Domain Name Dispute Resolution

Wednesday, Jul 8, 2009 12:00 pm
William Barnes

My latest IPilogue article What Jay Leno taught me about domain disputes should be up by now. It presented an interesting problem. Topics at IPilogue are assigned by email a few days in advance. We generally just get a link to a news article. But while the article I got on Jay Leno made it sound like a big deal, the case was actually the equivalent of a zoning dispute. There was nothing in it that hadn’t been said a thousand times before (the case was actually copy-and-pasted from an earlier case by the same panelist). Like I said, this presented me with a problem. I didn’t have time to get in touch with the editors and I didn’t have anything compelling to write about.

I solved (I think) this problem by noticing that everything had been said a thousand times before and yet I had never heard it before. There are five types of articles on domain dispute resolution: (1) celebrity gains control of HisOrHerName.com, (2) evil corporation steals Pokey.org from 12 year old kid, (3) case demonstrates that dispute resolution doesn’t work, (4) technological or social change means end to dispute resolution, (5) jokers keep control of obviously infringing website with wacky donkey argument. I did a lot of research for this article and this list is exhaustive. So I figured I could sneak in a little article on the criteria governing the process and though it might not be compelling, it might be useful.

I left out of the article a scenario that seems plausible to me but I cannot find any evidence of having occurred. What if a person registered a famous trademark and used it for a personal website? Let’s say, for a more concrete example, I registered CocaCola.com and put my blog up there. I’m not competing with Coke, but I’m getting some traffic that is meant for them. I am not sure what way that would go. There is an exception for valid commercial uses and where the domain is a nickname. But what if I just wanted to steal Coke’s traffic for my non-commercial site and had no other reason to use that domain?
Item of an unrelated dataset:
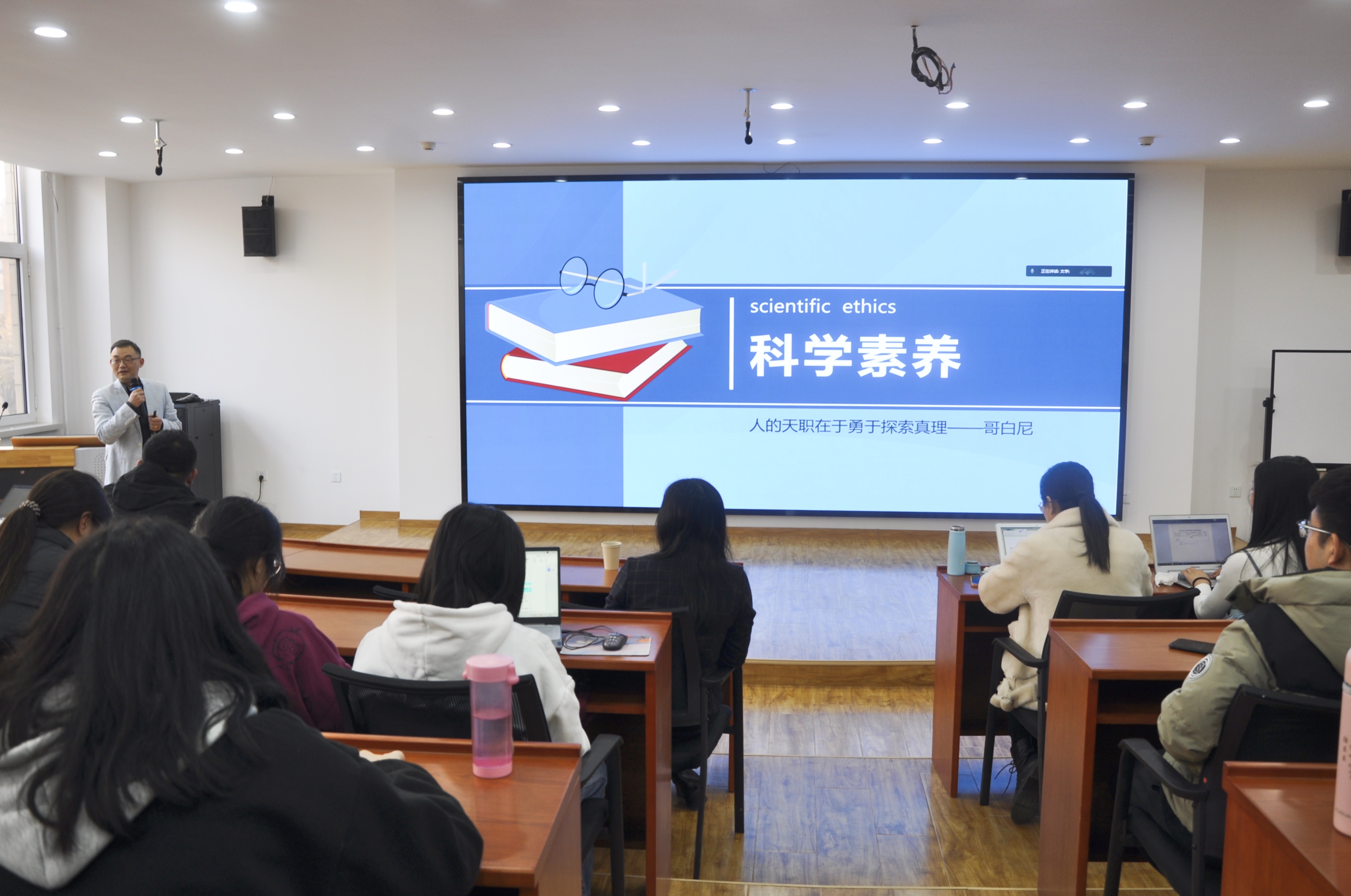 然后,胡校长又提到了科学素养的重要性,尤其是科学素养对于文科专业的重要价值:可以使文科研究生的知识面得到扩展,使研究建立在广博知识的基础上为日后走上工作岗位奠定良好基础;文科学生可以掌握科学的思维方法,引导学生领悟科学方法的思维特点掌握科学方法活的灵魂;可以培养文科学生的科学态度和高尚品德,科学素养的培养可帮助他们形成严谨、清晰的科学作风、敏锐细致的观察能力和逻辑分析等能力。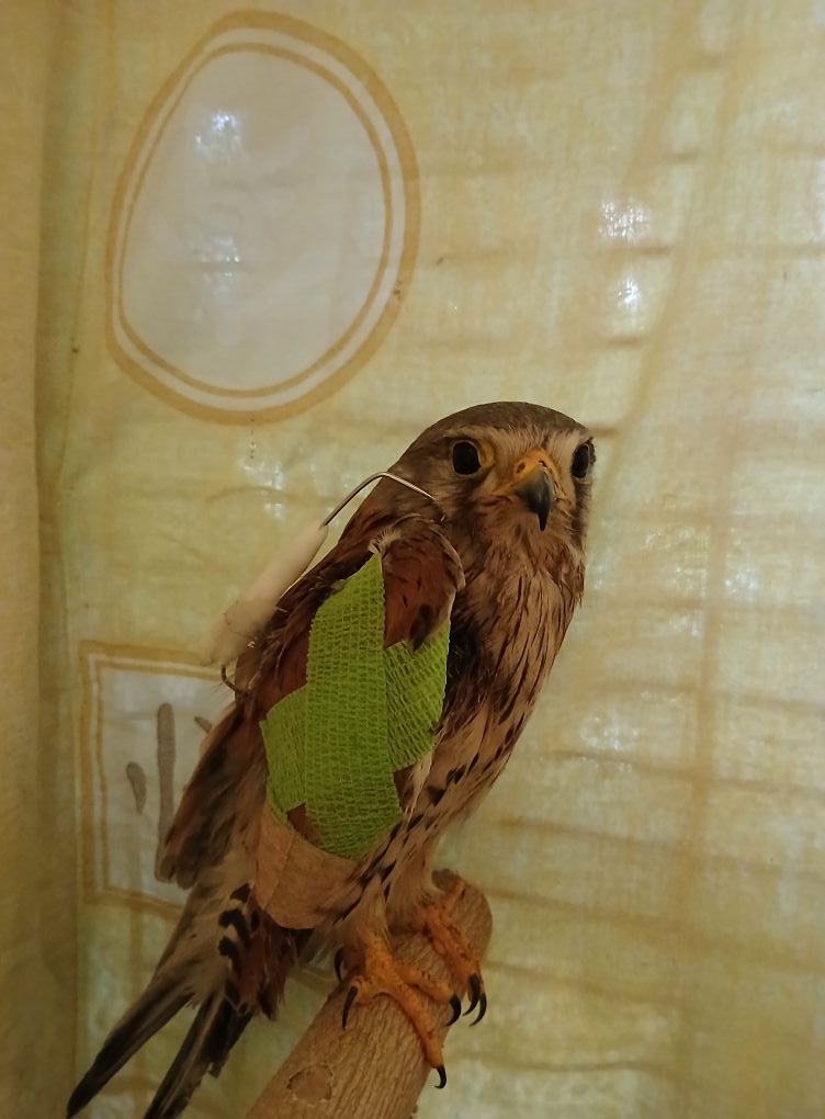 "Знакомьтесь, это Шрайк. Этот отважный пустельга справедливо решил, что русским дронам не место на нашей (и его личной) территории, и атаковал один из них. К сожалению, железо было крепче живой птицы, и он получил перелом правого плеча", – написала Вероника.

Also, while writing this I got to think about an idea I had a while back (I think I posted it on IPilogue someplace). Someone should start a username registry:

  1. Trademark owners and celebrities register their desired usernames
  2. New social networks and websites reserve those names
  3. One in a thousand social networks becomes worth joining
  4. Trademark owners pay to the network a price based on size or some other metric for the reserved name

That way, when the next Twitter comes along, CNN can be sure that newtwitter.com/CNN is available. They’ll have to pay for the privilege, but they won’t be penalized for not being early adopters. It also means a little free money for the social network.

Cybercrime

Wednesday, May 13, 2009 9:18 am
William Barnes

The word is starting to grow on me. I used to really dislike it. It sounded like something out of a Saturday morning cartoon. Mostly it (along with “cyberspace”) just encourages people to talk about the Internet as if it were a place. The Internet isn’t a place, it’s a bunch of computers and wires that talk to each other. The whole “cyberspace” metaphor is useful for quickly explaining something, but it doesn’t really represent what is going on in your computer.

My first IPilogue article was just published: What is Cybercrime? It’s mainly a comment on another article on the same subject which basically defines cybercrimes as crimes taking place in cyberspace and then concludes that none exist: all cybercrimes are just regular crimes adapted to work in cyberspace. The author does, in a later article, express a little embarrassment at the term but she does not acknowledge its unsuitability. I say rather that cybercrimes are just unique computer crimes. They’re crimes that weren’t possible without computers but they don’t require us to invent some kind of allegory to make them fit into our existing system of criminal laws.

IPilogue

Thursday, Apr 2, 2009 10:26 pm
William Barnes

IPilogue is Osgoode Hall Law School’s student run IP blog. They run a short article on a topic in IP almost every day. A few weeks ago, I noticed a posting on the website calling for editors. I saw that the job description didn’t specifically say “You must be an Osgoode student”, so I sent an email asking if they would accept an application from me. Turns out they would. Then it turned out that they accepted me as an editor. Pretty cool.

I had my very first meeting today. I was rather nervous at the beginning, being the only non-Osgoode student. But after that wore off, it went pretty well. After I introduced myself as being a first year from UofT, two of the people who came after introduced themselves as being from Osgoode. I don’t know whether to read anything into that. Everybody seems very nice. I wish I could have stayed a bit longer to meet some of the people who stayed behind, but I had to run to start my three hour journey home. Next time I have to go to Osgoode, I drive.

In related news: what kind of a word is “cybercrime”? It sounds like what RoboCop would fight. Or some kind of scary title for a Dateline episode: “You could be a victim of Cybercrime.” Computer crime has too many syllables. I suppose cybercrime is catchy, but something about the word just makes me feel uncomfortable. Maybe it’s a geek thing. I’m too used to cringing whenever a non-tech tries to talk about computers or the internet. And I’ve just come to associate the prefix “cyber” with non-techies. Wow. I learned something about myself. Justice McLachlin (as she then was) was right: expression can be a tool for self-realization.